Рудольф Баландин - Маршал Шапошников. Военный советник вождя
«Не могу забыть, когда в присутствии народного комиссара обороны, большого количества высшего комсостава Красной Армии и иностранных гостей, Борис Михайлович проводил разбор крупных маневров, которыми он руководил.
Не пользуясь записями, он с длинной указкой в руке подробно излагал весь ход больших сложных маневров, показывая действия войск на большой схеме и карте в течение нескольких часов.

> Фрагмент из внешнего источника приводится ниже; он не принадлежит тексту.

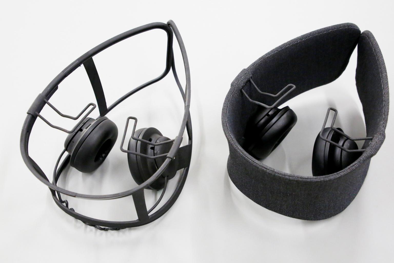 A Panasonic designer demonstrates a prototype of the "Wear Space" headset, which limits noise and peripheral vision.

Иностранцы, а среди них немало было видных генералов, буквально раскрыв рты, следили за “изумительным господином Шапошниковым”, поражаясь не только его памяти, но и глубине разбора маневров. Они никак не ожидали встретить среди руководства молодой Красной Армии таких военных специалистов».
«ВЕСНА»
В 1927 году у Сталина были все основания спешно сплачивать руководство СССР и устанавливать свое единоначалие. Основанием для этого были не только экономическая слабость государства, обострение социальных проблем и внутрипартийные распри. Назревала
опасность создания «единого фронта капиталистических стран и нового крестового похода на СССР». Так говорилось в передовой статье журнала «Большевик» в августе 1925 года. Позже, на XV съезде ВКП(б), Сталин заявил, что период «мирного сожительства» отходит в прошлое, сравнив текущую ситуацию с обстановкой 1914 года, когда достаточно было одной искры, чтобы разгорелась война.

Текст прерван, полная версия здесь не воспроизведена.